まあしかしそういう時こそ台湾猫の出番。以前のように猫だけが目的の旅ではないとはいえ、猫を探す気は満々なのでなかなか先へ進めず、連載6回目となった今回もまだ旅の3日目(3月21日)。場面は前回の記事と変わらず、南竿島の復興村(牛角集落)で見かけた猫たちだが、人懐っこいキジトラや三毛とは距離を置いて、逃げ惑うばかりのサビ猫に注目してみることにした。何しろここはサビ猫がやたら多いのである。
この写真も5匹のうち3匹がサビ。写真に入ってないのもいるから順番に回ってみよう。
どの子も警戒心が強くて接近不能だしほかにも何匹か隠れている。この一角は女子率がとても高い。
黒いのは余計分からん。耳の切り欠きも当てにならないので性別すら不明。
サビ以外がおしなべて人懐っこいのも不思議。俺は猫の毛色と性格との相関については懐疑的だけど、俺がサビにモテないのは事実だし、黒猫や白猫には他の毛色にない個性を感じることもある。これは人間の血液型性格診断などと違って、彼らが実際に毛色や模様によって利益あるいは不利益を受けているからではないだろうか。
黒いのがもう1匹、遠巻きにこちらを眺めている。控えめな性格なのかな。
我是日本來的遊客、無是壞人(Nguá sāi Nì-bĕng lài dē iù-khák, mò̤ sī huá̤-nè̤ng)。
閩東語が奏功したのか指の匂いで挨拶できたけどおっかなびっくり。念のため閩南語でも同じことを言ってみる。我是日本來的旅客、無是歹人(Góa sī Ji̍t-pún lâi–ê lí-kheh, bô sī pháinn-lâng)。互換性ゼロ。
復興村で見かけた最後の猫はまだ幼いキジトラ。地面の何かを弄んでいるようだ。
道路向かいの家の子かな。この先は砂浜で行き止まりだからあまり車も入ってこないし、猫ものびのび遊べるね。
我に返ってこちらを向いた顔つきは意外に精悍。
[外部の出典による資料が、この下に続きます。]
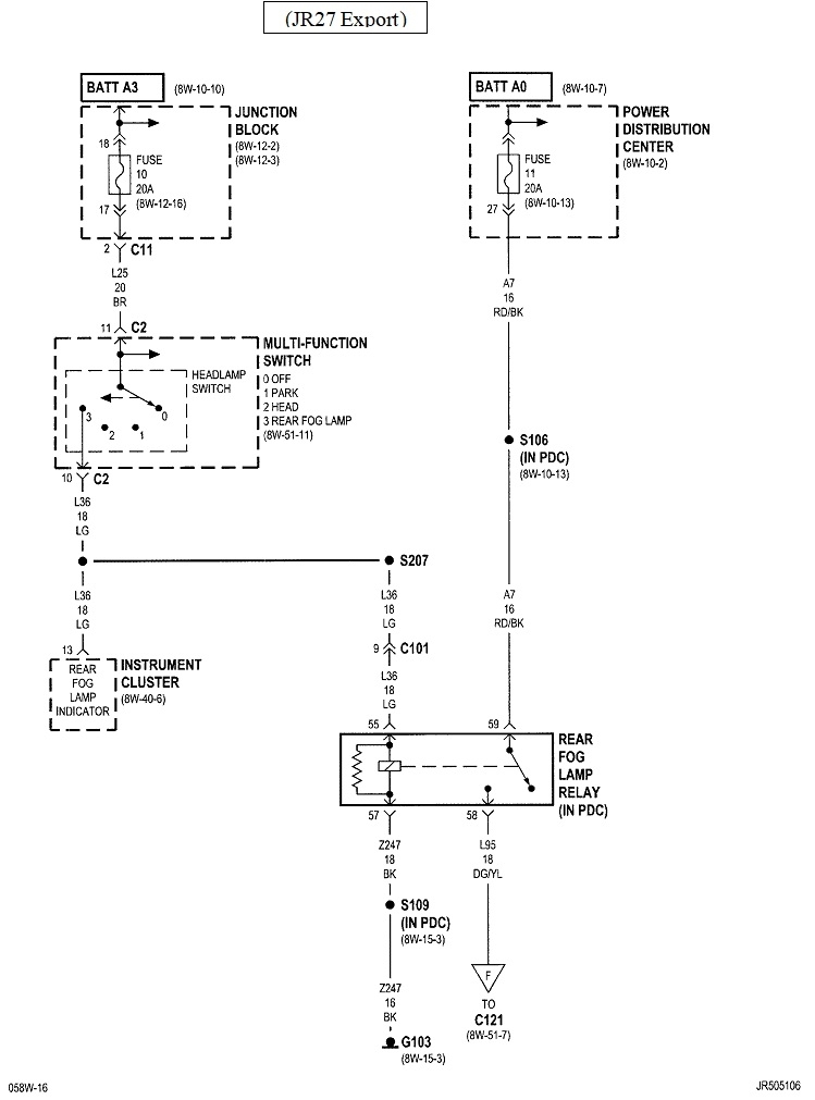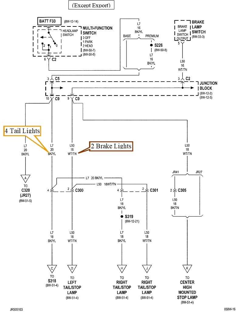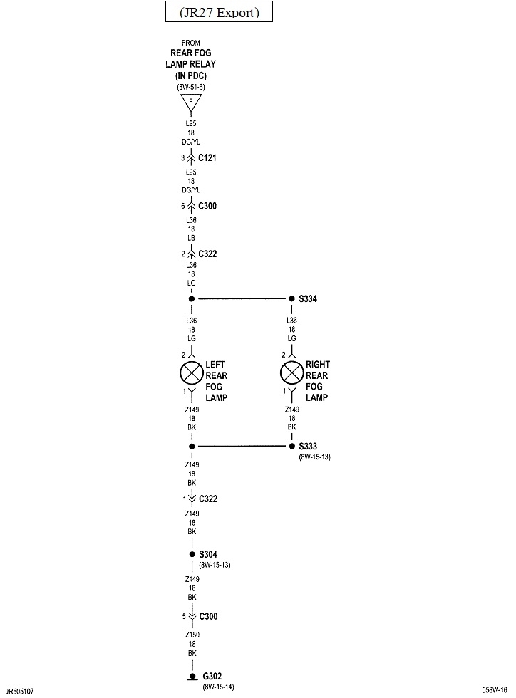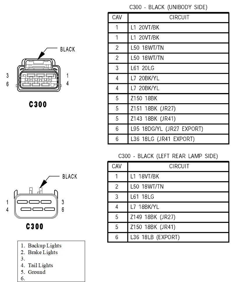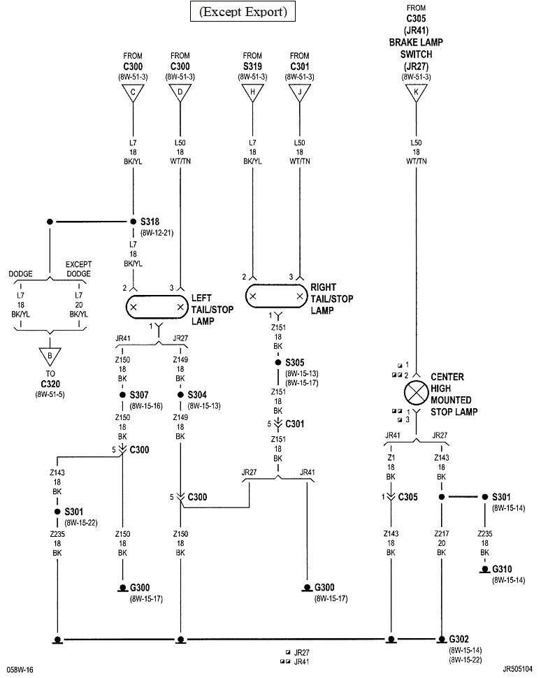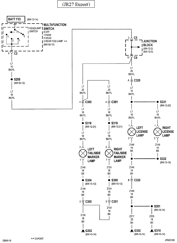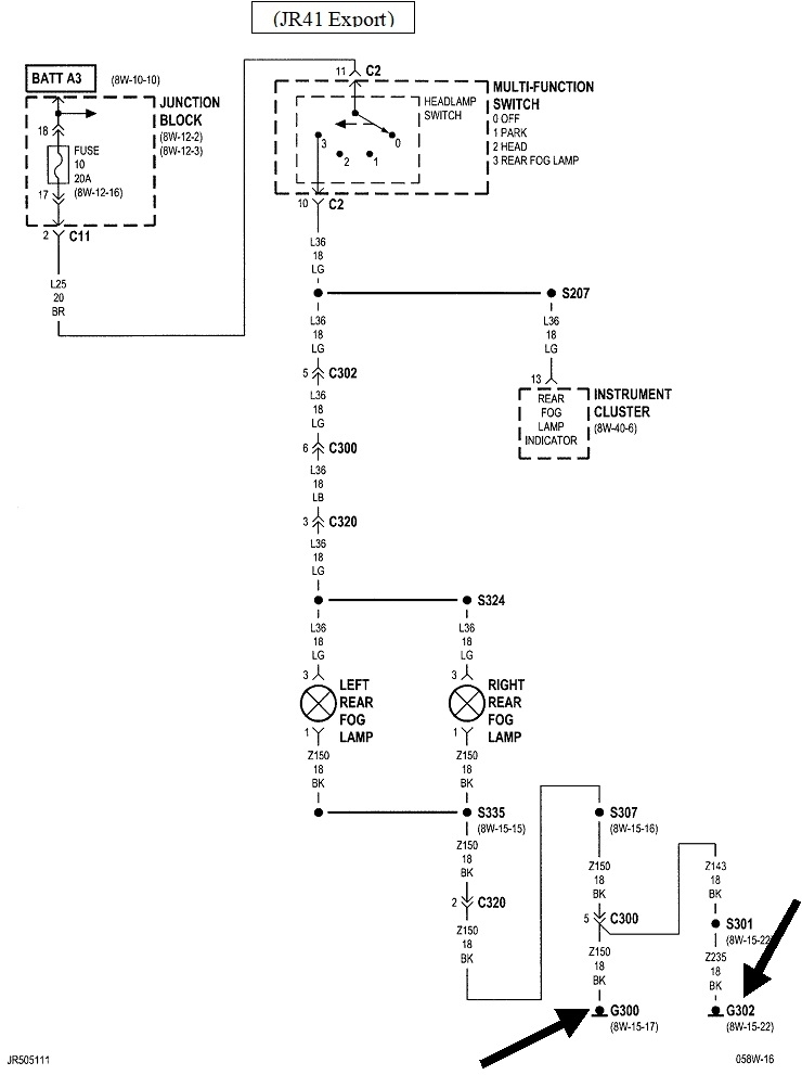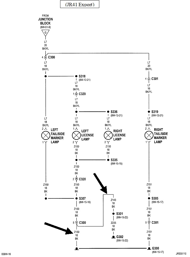 If you find "JR41" in your vehicle ID number, these three diagrams apply and are used with the first four. Notice in the last two diagrams, near the bottom, my black arrows are pointing out there are indeed two black ground wires at terminal # 5 of connector C300. They're grounded at two different places, for redundancy, as indicated by "G300" and "G302". Those are two different grounds, but for the same purpose.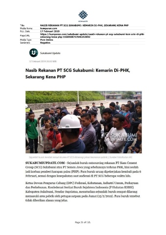 Title NASIB REKANAN PT SCG SUKABUMI: KEMARIN DI-PHK, SEKARANG KENA PHP
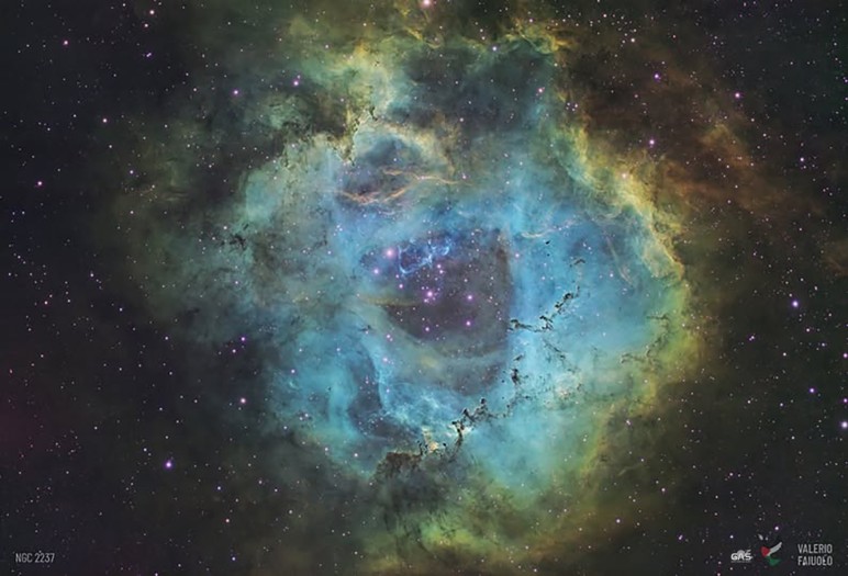 La Nebulosa Rosetta (NGC 2237–9) è una vasta regione di formazione stellare situata nella costellazione dell’Unicorno. Si tratta di una classica nebulosa ad emissione, il cui aspetto a guscio è modellato dall’intensa radiazione proveniente dall’ammasso aperto NGC 2244, visibile al centro della struttura. Le stelle giovani e massicce dell’ammasso ionizzano il gas circostante, scavando cavità e fronti luminosi che definiscono l’inconfondibile morfologia della nebulosa.
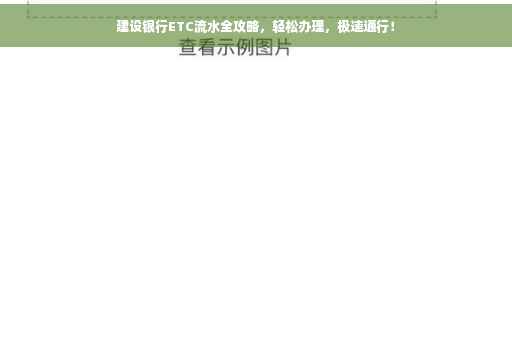 摘要:建设银行办理ETC流水全攻略,为您提供便捷高效的通行体验。从申请到安装,一站式服务让您轻松享受ETC带来的便利。详细步骤和注意事项,助您顺利完成办理流程,轻松出行。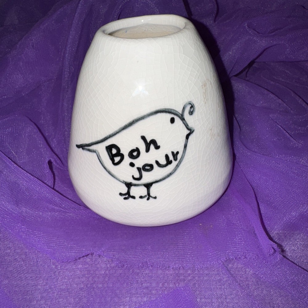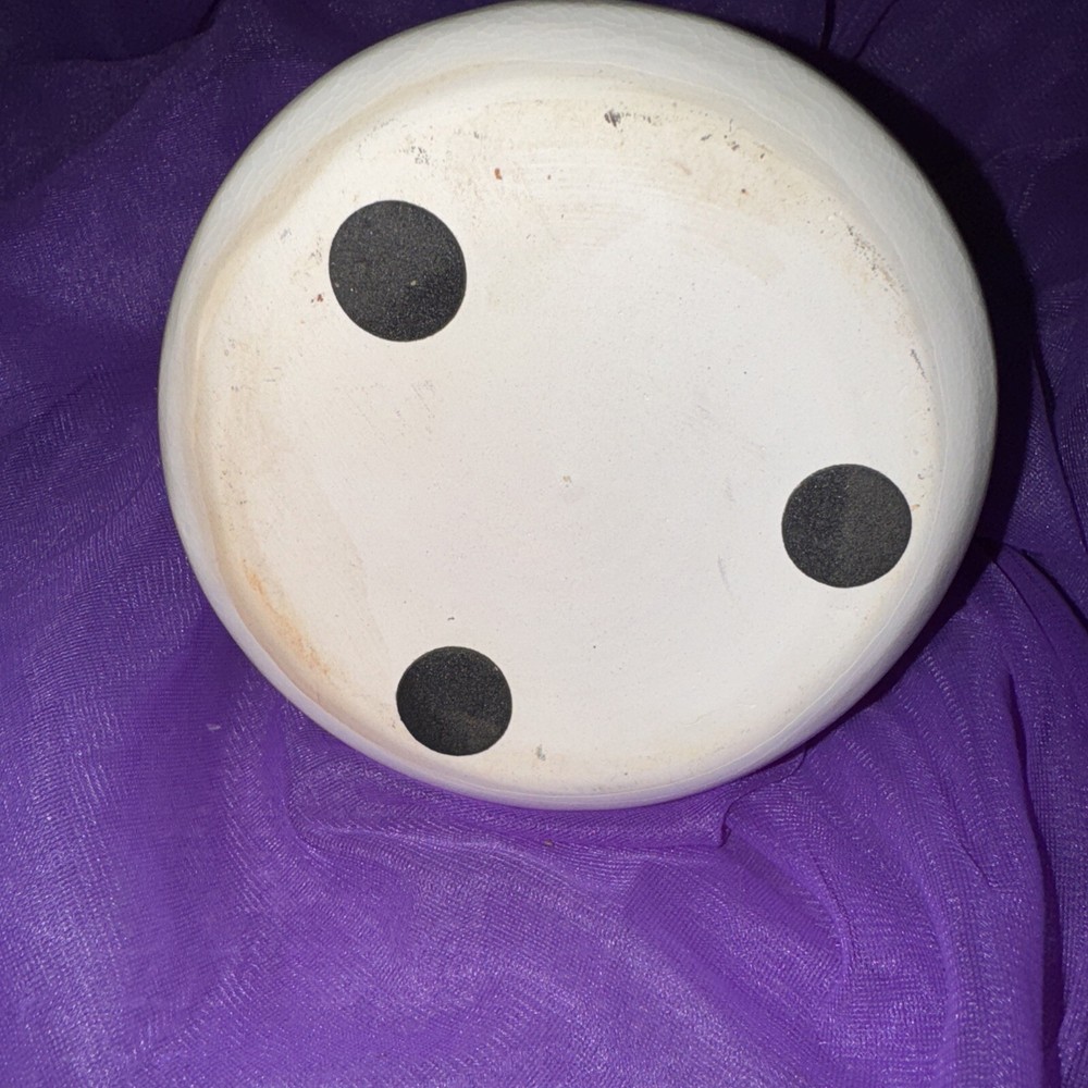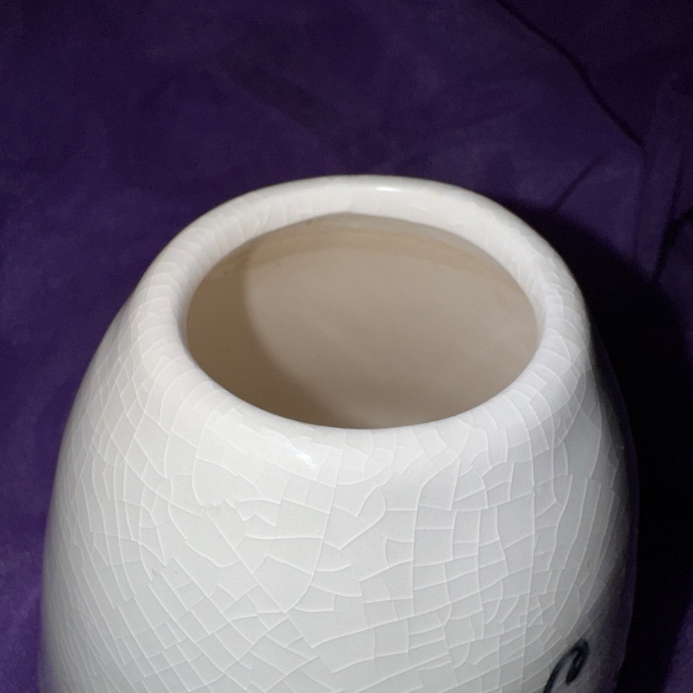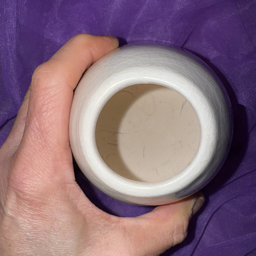Gorgeous well cared for no chips cracks or stains. An adorable vase for display anywhere you want to add some whimsy. See all pics. There are a few scratches inside the vase from having an artificial plant in it. (The wire stems scratched it). I was going to try and scrub it clean but since it’s unseen I will leave that choice up to the buyer. As with some of the earlier pieces before they went more mainstream this is not signed. 4” tall 4 “ base

足元にはすでに絶命したであろう何かが転がっていた。
幼いキジトラと別れた時点で時刻は10時半。このあと12:50発の飛行機に乗って台中へ向かうわけだが、朝から何も食べていないし時間もあるので、南竿郷で最も栄えているという介壽集落へ足を延ばしてみた。気温は17℃ほどで過ごしやすいが、何しろこの島は起伏が多く、介壽集落へ行くとなると急な坂を上って下って最後にまた上ることになるから汗はかく。しかし今回の旅は猫を探すだけでなく、美味しいものを食べたり景色や史蹟を眺めたりもしたいので、痛み始めた足を引きずりながら、日陰のない介壽路と呼ばれるメインストリートをゆっくりと下りていった。その甲斐あって2018年11月の台西郷散歩からの念願だった蚵仔煎にようやくありつけた上に、それは素晴らしく美味しかった。一緒に注文した炒飯も絶品だった。時間に余裕のある旅というのはこんなにも豊かなのだなあ。
以前の記事にも書いたが、もともとこの日は朝6時半の船で東引島を発って南竿島には8時半に到着し、そのまま9時発の船に乗り継いで北竿島を先に散歩する予定だった。ところが東引島からの船が遅れたため南竿島に着いたのは9時近くになり、異国の港で5分やそこらで乗り継ぐのは無理なので北竿島は諦めたわけである。北竿島にも見たいものはあったが、無理をしてどちらも中途半端になるよりは良かったと思っている。
というわけで美味しくてやや量の多い蚵仔煎と炒飯を雪碧で流し込み、1.5km離れた空港へ向かうべく腰を上げたのは11時半。車やスクーターの行き交うメインストリートを避け、細い横丁に入ればそこはもう猫路地だ。
平坦な土地が少ないからか、隙間があれば畑にしている感じ。貴重な野菜を鼠から守ることは猫の大切な任務の一つだ。
馬祖南竿空港を定刻に飛び立った立榮航空8732便は台中空港へ向けて65分のフライト。次回は台中から鵝鑾鼻まで陸路で一気に南下する。